Data for processing –

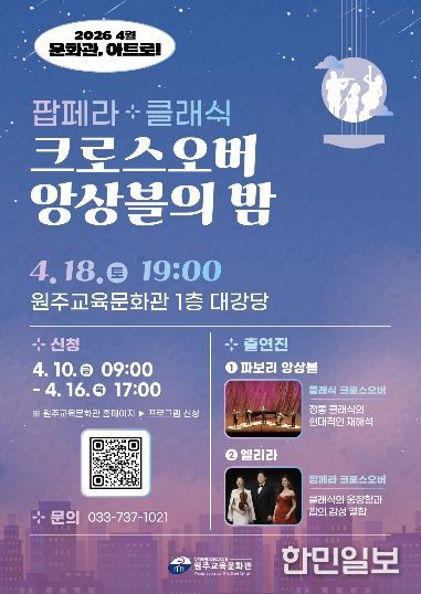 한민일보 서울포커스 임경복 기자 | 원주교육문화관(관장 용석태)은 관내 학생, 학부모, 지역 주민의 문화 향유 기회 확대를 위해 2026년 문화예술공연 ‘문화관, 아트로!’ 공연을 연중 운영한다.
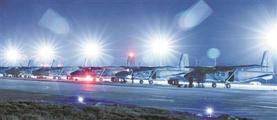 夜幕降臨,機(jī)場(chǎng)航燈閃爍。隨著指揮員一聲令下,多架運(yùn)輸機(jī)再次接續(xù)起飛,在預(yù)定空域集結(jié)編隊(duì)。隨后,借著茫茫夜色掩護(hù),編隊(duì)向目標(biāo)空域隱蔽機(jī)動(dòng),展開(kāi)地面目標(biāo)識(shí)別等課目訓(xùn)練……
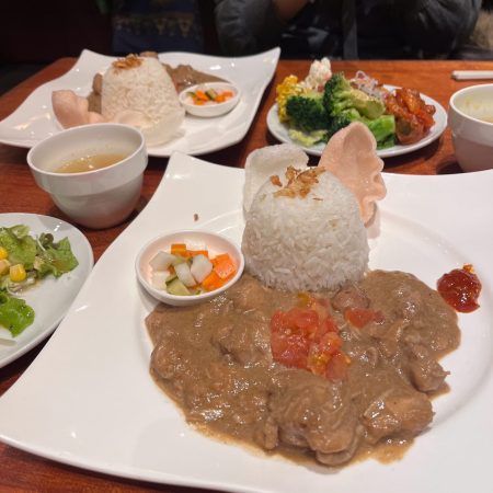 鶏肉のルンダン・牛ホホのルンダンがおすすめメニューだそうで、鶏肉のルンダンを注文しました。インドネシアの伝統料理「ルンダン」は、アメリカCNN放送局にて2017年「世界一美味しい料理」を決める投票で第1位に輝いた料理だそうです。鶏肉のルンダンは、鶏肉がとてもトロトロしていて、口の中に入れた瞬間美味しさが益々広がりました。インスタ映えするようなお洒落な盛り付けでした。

* * *

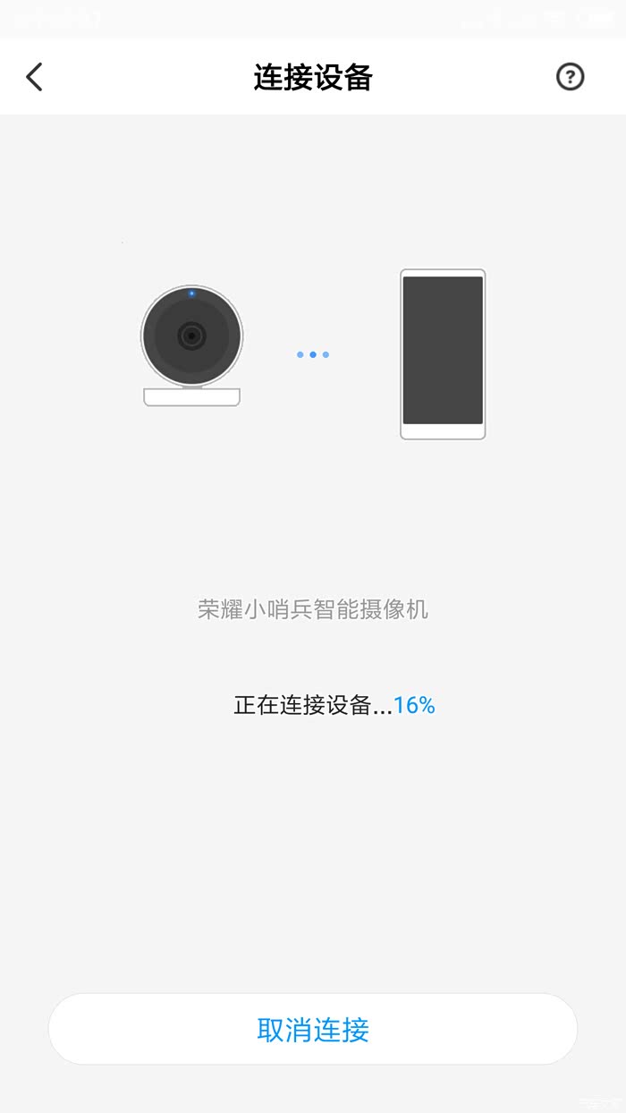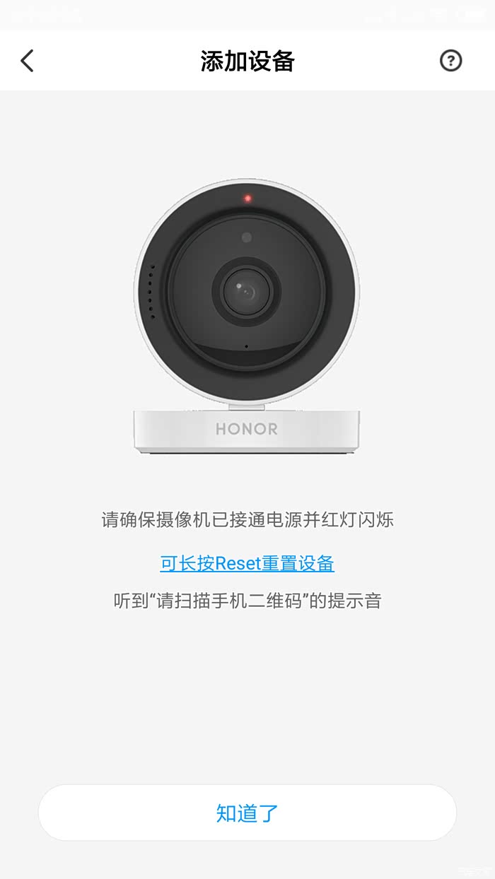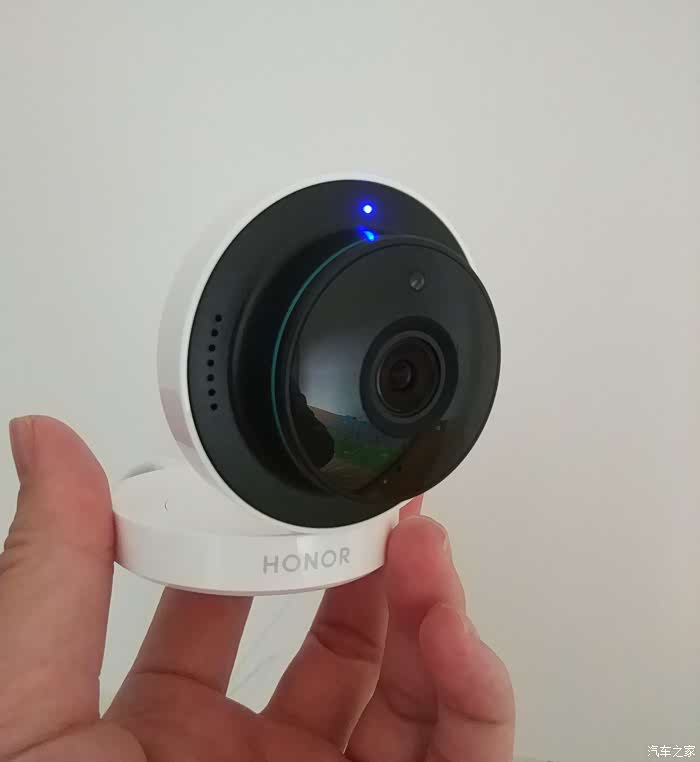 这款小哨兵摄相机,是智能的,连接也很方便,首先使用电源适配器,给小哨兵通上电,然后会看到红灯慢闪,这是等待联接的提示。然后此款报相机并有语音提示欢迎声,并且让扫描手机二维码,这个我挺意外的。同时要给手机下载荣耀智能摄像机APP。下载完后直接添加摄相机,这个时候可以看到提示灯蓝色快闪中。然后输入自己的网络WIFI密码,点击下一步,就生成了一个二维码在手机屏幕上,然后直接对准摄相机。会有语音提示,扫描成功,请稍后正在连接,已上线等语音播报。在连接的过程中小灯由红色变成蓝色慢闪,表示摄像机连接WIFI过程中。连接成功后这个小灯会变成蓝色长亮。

==

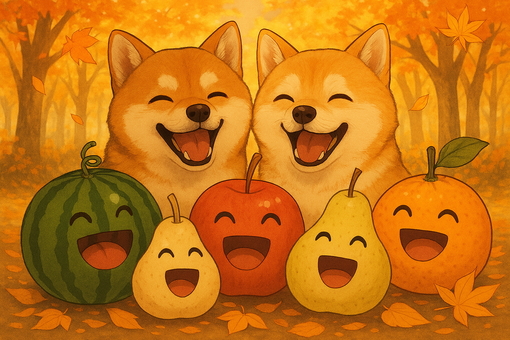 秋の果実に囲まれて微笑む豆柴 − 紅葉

Exercise details –
Using the listing above, repeat word for word each line from the one with "夜幕降臨,機(jī)場(ch" down to the one with "鶏肉のルンダン・牛ホホのルン", both included. Omit all pictures.

Exercise output –
 夜幕降臨,機(jī)場(chǎng)航燈閃爍。隨著指揮員一聲令下,多架運(yùn)輸機(jī)再次接續(xù)起飛,在預(yù)定空域集結(jié)編隊(duì)。隨后,借著茫茫夜色掩護(hù),編隊(duì)向目標(biāo)空域隱蔽機(jī)動(dòng),展開(kāi)地面目標(biāo)識(shí)別等課目訓(xùn)練……
 鶏肉のルンダン・牛ホホのルンダンがおすすめメニューだそうで、鶏肉のルンダンを注文しました。インドネシアの伝統料理「ルンダン」は、アメリカCNN放送局にて2017年「世界一美味しい料理」を決める投票で第1位に輝いた料理だそうです。鶏肉のルンダンは、鶏肉がとてもトロトロしていて、口の中に入れた瞬間美味しさが益々広がりました。インスタ映えするようなお洒落な盛り付けでした。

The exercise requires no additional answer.